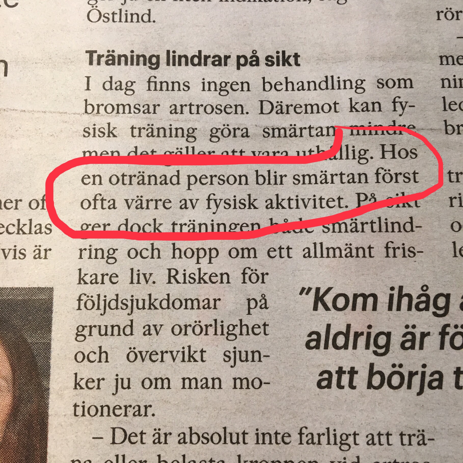 Fast i bakhuvudet mal ju något annat. Typ att ” det gick väldigt fort från det att höftartrosen gav sig till känna och värken blev så olidlig att operation var det enda tänkbara”.
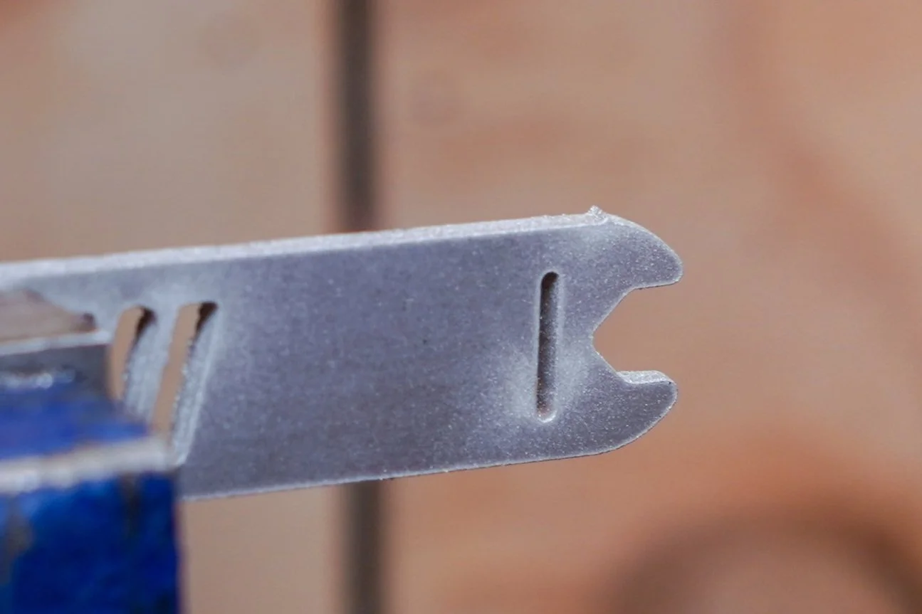 How it works? Simply put, the curved section hooks into the burr, and user scraps the burrs away from the part with a single motion. The curved section is on a swivel head, so it can always hook on the burrs, and can reach be used in tight spots like the inside of a circular cut out.
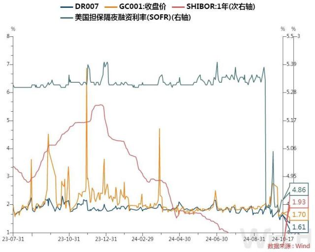 周四,银行间市场资金总体稳定性较宽,隔夜和七天回购利率小幅下降。在海外,美国最新的隔夜融资担保利率是 4.86%。
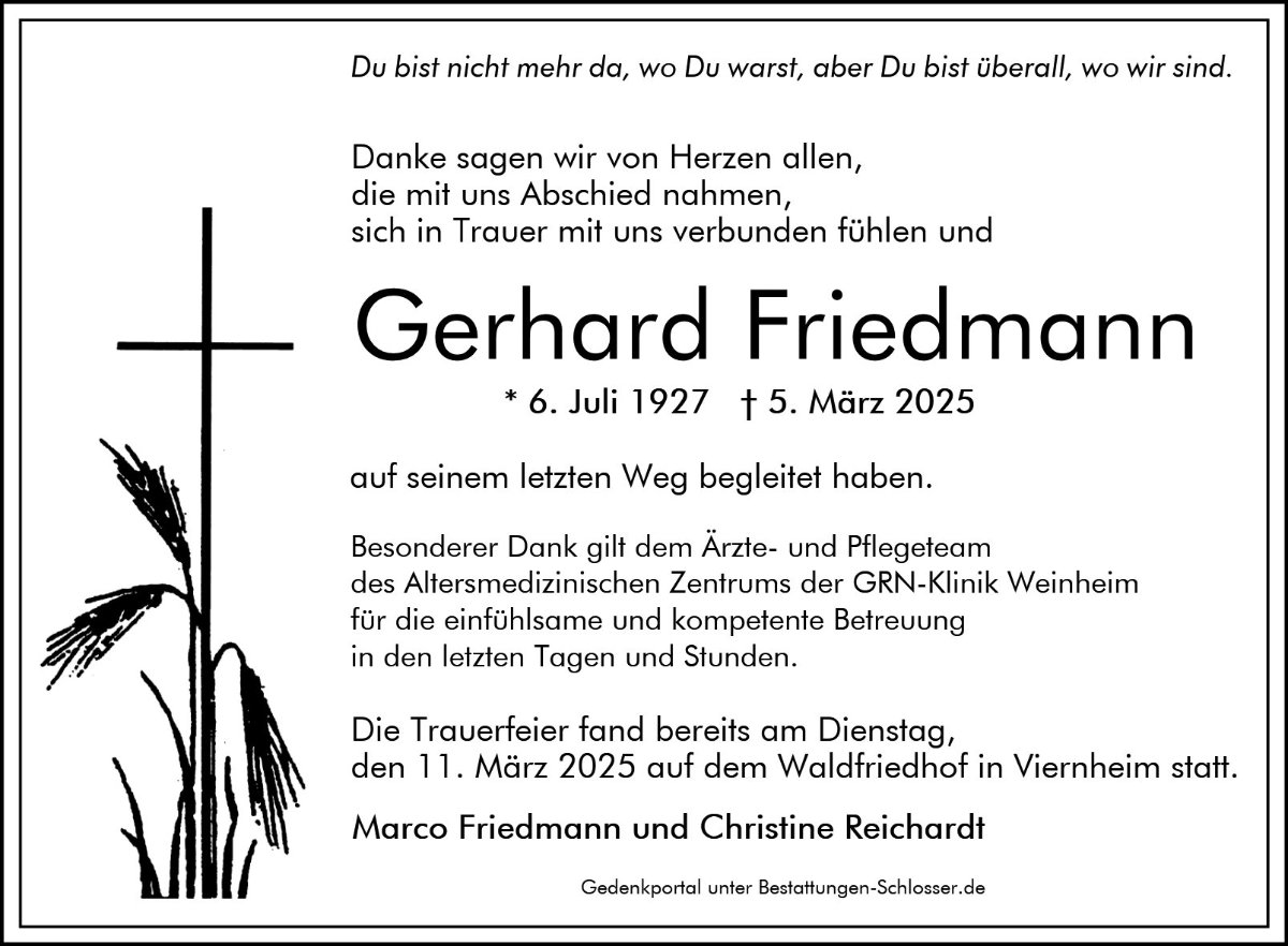 Gerhard Friedmanngestorben am 5. März 2025
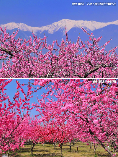 笛吹市桃の花祭りは、市内の旧町村の春祭りの総称です。 各地域ごとに様々なイベントが行われています。この時期はもう町中が桃の花でピンク一色で、うきうき気分も盛り上がります。

══════════

Task instructions => Word for word, print all of the data; skip the pictures.

Solution to the exercise =>
 Fast i bakhuvudet mal ju något annat. Typ att ” det gick väldigt fort från det att höftartrosen gav sig till känna och värken blev så olidlig att operation var det enda tänkbara”.
 How it works? Simply put, the curved section hooks into the burr, and user scraps the burrs away from the part with a single motion. The curved section is on a swivel head, so it can always hook on the burrs, and can reach be used in tight spots like the inside of a circular cut out.
 周四,银行间市场资金总体稳定性较宽,隔夜和七天回购利率小幅下降。在海外,美国最新的隔夜融资担保利率是 4.86%。
 Gerhard Friedmanngestorben am 5. März 2025
 笛吹市桃の花祭りは、市内の旧町村の春祭りの総称です。 各地域ごとに様々なイベントが行われています。この時期はもう町中が桃の花でピンク一色で、うきうき気分も盛り上がります。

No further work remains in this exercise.